▶ **Your assignment**: An exact copy of the data is needed, but without any of its images.

▶ **Data excerpt**:
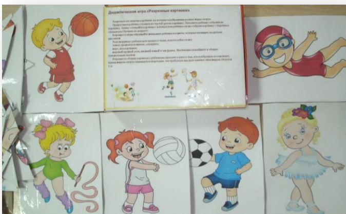
Дидактическая игра по физическому развитию «Разрезные картинки»
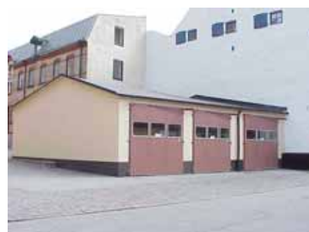
KARNA 4 D från SV

värdering kulturhistoriskt (K) K = 5, M = 4. miljömässigt (M):

▶ **Answer space**:
Дидактическая игра по физическому развитию «Разрезные картинки»
KARNA 4 D från SV

värdering kulturhistoriskt (K) K = 5, M = 4. miljömässigt (M):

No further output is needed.